# Death by butter



## Johnny Thunder (Feb 24, 2006)

Weird.

http://uk.news.yahoo.com/18/20110205/tod-sicily-couple-murdered-man-with-butt-879dccc.html


----------



## Hauntiholik (May 17, 2006)

"I'm just not so sure how well this plan was thought through." ~ T-Rex from Meet the Robinsons

Not smart people. They need to watch more CSI.


----------



## RoxyBlue (Oct 6, 2008)

See, now, if they had just wined and dined him with rich, fatty foods for, oh, say 20 years, he would have eventually died of clogged arteries and they would never have been charged with murder


----------



## GothicCandle (Mar 26, 2007)

> forcing them to tie him up, when he had suddenly collapsed and died.
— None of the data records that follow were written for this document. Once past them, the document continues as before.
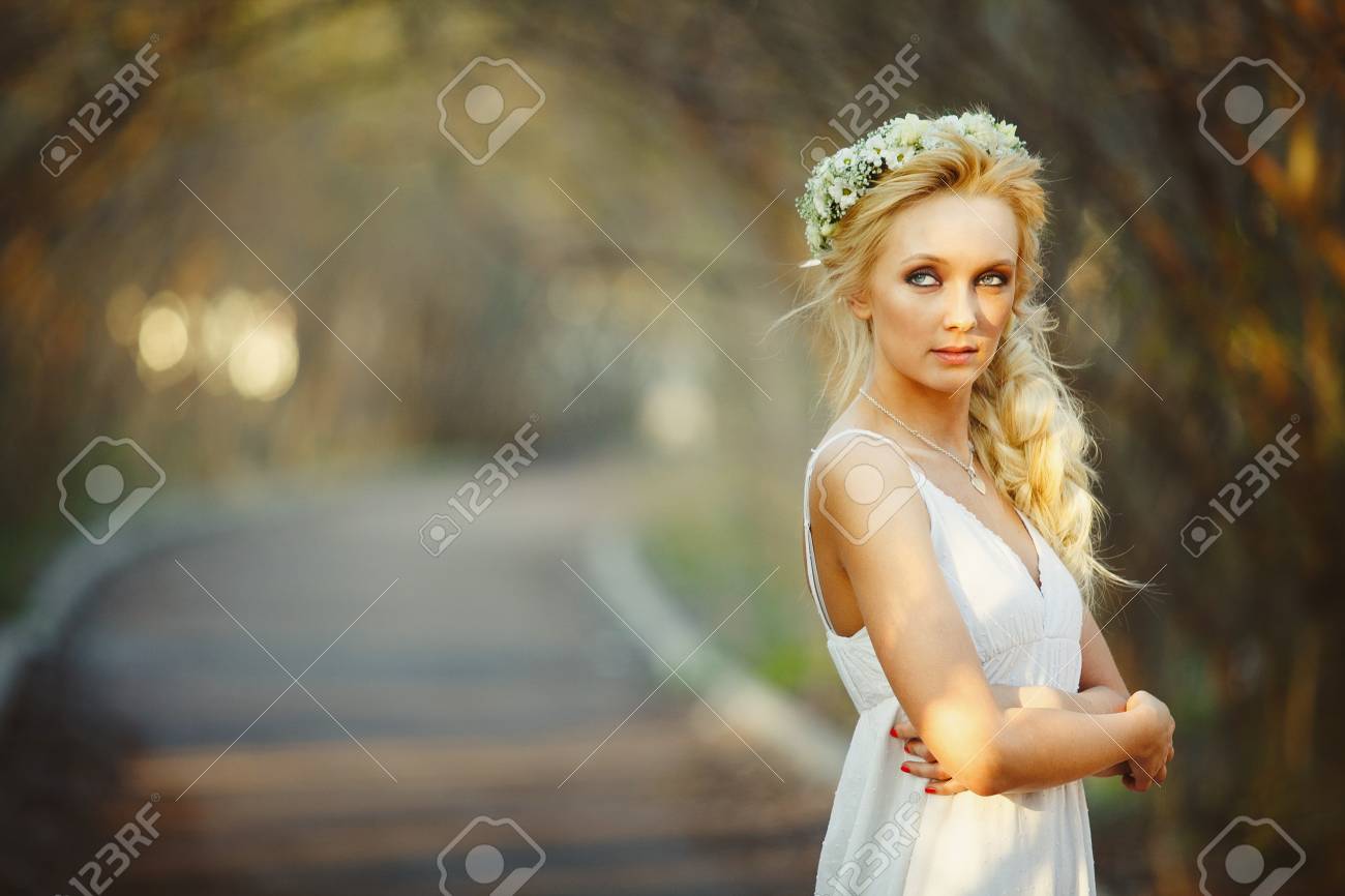 Belle Femme Blonde En Robe Blanche Et Couronne De Fleurs Sur La Tête. Personne Mignonne Dans La Ruelle. Banque D'Images et Photos Libres De Droits. Image 99621694
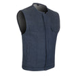 Leather Universe 309 Dark Blue Raw Denim Vest with Rolled Collar and No Liner
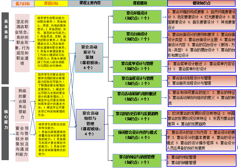 《宴会活动策划与组织》是酒店管理专业的一门专业核心课程。课程教学将能力培养作为核心,贯彻理论联系实际、学以致用和因材施教的原则。课程重点关注学生宴会设计能力,组织与管理能力,运用多种手段对学生的设计和管理能力等方面的培养。通过加强教学的实践性环节,突出应用性,有利于培养学生成为专业的宴会设计与管理人才。
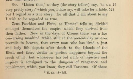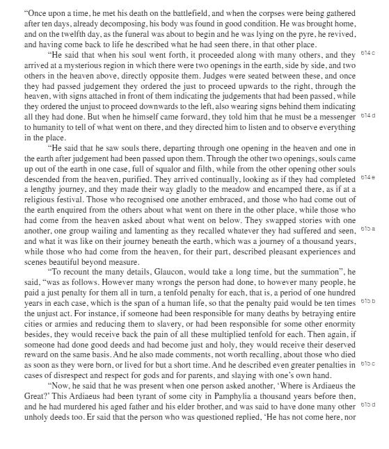 Note: After I posted about the differences between the Kirk Cameron and Ray Comfort’s beliefs about hell, an alert reader contacted me and asked if I had the specific quotations from Plato that undergirded the traditional (and I would argue extra-Biblical) view of eternal torment. I realized that this is something that a lot of people probably would simply accept but others require receipts, so here are the receipts. These are long quotations and I’ve included photos of excerpts from Plato’s writings with links to the originals so you can read them for yourself. I would also advise that this is not a writing about the “State of the Dead” or what happens when you die but rather focuses on the idea of torment in hell. I welcome dialogue on this point. – MP
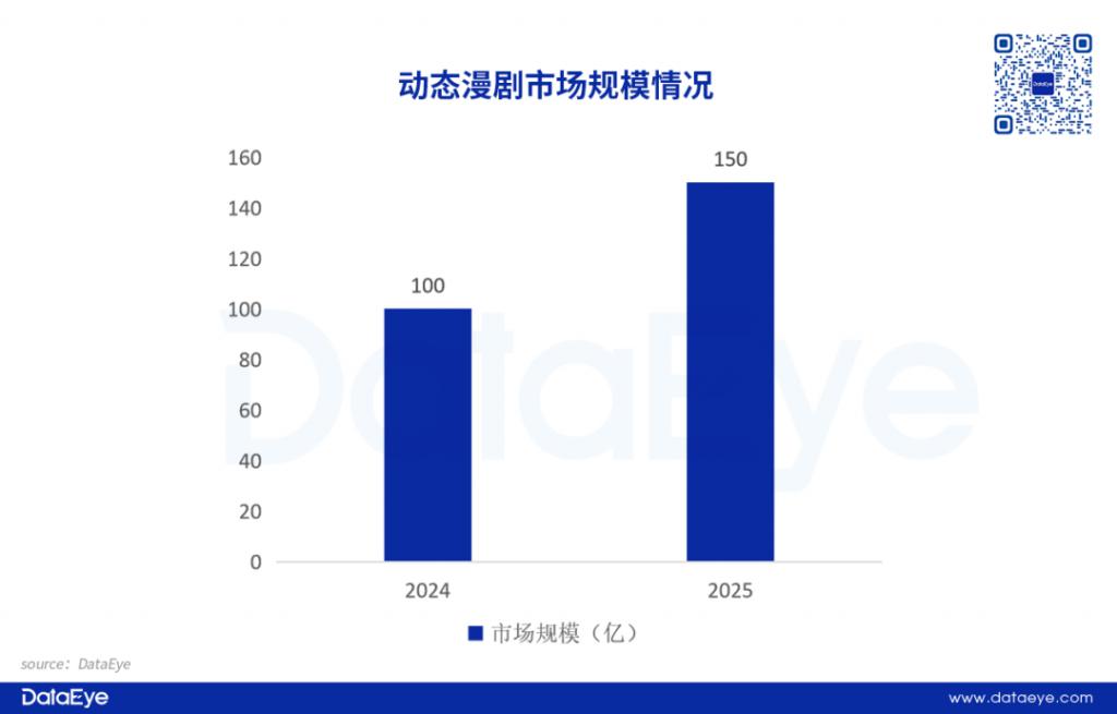 DataEye 研究院数据显示,2024 年动态漫市场规模已达 100 亿,而 2025 年的市场规模预计高达 150 亿,增速为 50%。
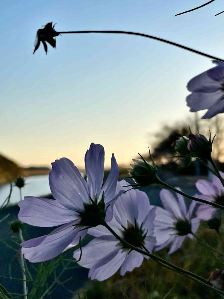 夕暮れ空とコスモスの透けた花びらが、綺麗ですね。

This is what they said happen? nooo this isn't suspicious at allll!


----------



## Zombies Anonymous (Apr 5, 2009)

wouldn't it have been easier to choke him with ice?


----------



## Spooky1 (Aug 25, 2008)

Criminals is stoopid. :googly:


----------



## goneferal (Sep 8, 2010)

You find some good ones Johnny.


----------



## RoxyBlue (Oct 6, 2008)

I think Death by Chocolate would have been a more elegant way to go


----------